For every line in the entries that contains "Automatique", show the whole line.

## WORKING DATA
'''

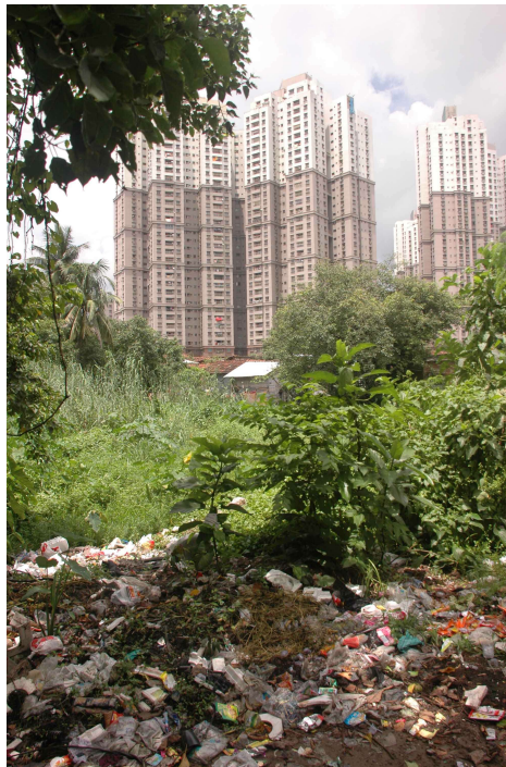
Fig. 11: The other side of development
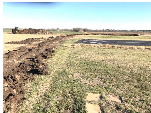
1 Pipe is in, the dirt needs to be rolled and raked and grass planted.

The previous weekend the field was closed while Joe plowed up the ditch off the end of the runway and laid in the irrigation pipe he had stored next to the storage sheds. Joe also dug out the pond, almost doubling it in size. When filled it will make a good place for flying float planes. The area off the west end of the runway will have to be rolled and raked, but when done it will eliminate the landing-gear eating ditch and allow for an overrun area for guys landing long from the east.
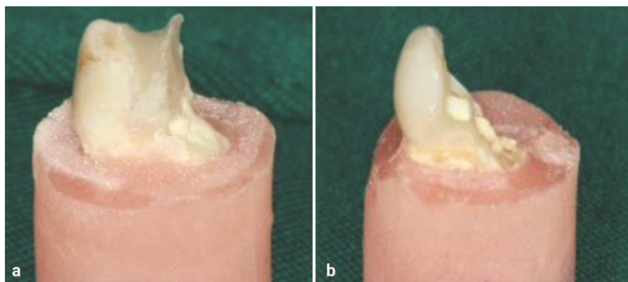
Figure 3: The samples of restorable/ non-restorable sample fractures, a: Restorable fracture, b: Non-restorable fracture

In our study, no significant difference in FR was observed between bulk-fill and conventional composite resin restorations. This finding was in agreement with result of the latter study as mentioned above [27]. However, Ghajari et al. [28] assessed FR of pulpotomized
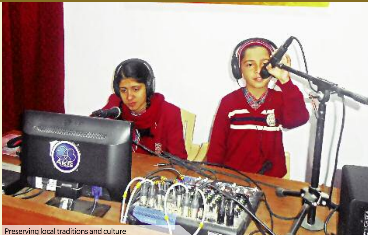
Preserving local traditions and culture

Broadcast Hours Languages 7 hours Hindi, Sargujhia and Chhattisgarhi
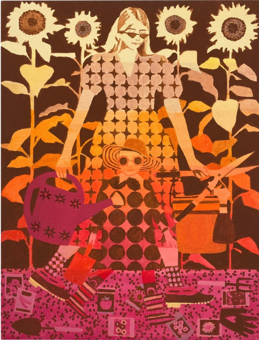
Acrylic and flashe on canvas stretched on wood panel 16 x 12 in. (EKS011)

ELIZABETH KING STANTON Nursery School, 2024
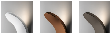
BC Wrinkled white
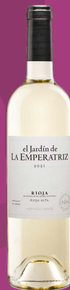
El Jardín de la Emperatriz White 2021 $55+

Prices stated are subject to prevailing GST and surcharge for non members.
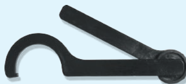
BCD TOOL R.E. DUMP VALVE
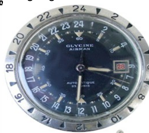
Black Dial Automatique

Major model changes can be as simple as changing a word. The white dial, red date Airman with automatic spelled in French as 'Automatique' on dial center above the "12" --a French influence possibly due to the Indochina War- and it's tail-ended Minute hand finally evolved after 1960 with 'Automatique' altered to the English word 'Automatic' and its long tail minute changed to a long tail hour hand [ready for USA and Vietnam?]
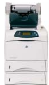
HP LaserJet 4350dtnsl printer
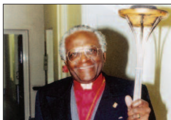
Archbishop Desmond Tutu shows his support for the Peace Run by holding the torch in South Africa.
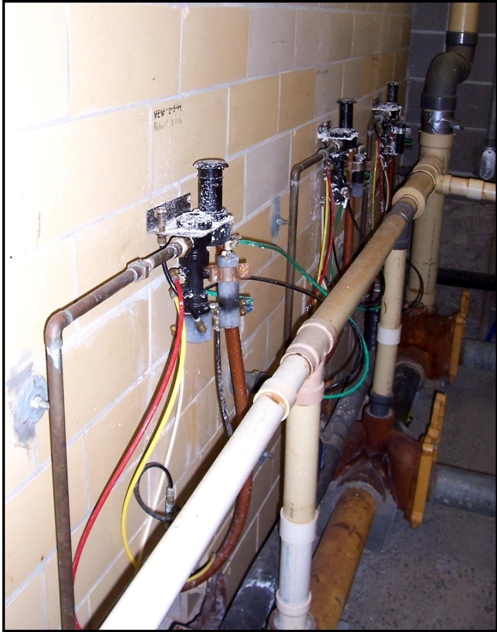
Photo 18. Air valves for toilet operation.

'''

## THE COMPLETED TASK
Black Dial Automatique
Major model changes can be as simple as changing a word. The white dial, red date Airman with automatic spelled in French as 'Automatique' on dial center above the "12" --a French influence possibly due to the Indochina War- and it's tail-ended Minute hand finally evolved after 1960 with 'Automatique' altered to the English word 'Automatic' and its long tail minute changed to a long tail hour hand [ready for USA and Vietnam?]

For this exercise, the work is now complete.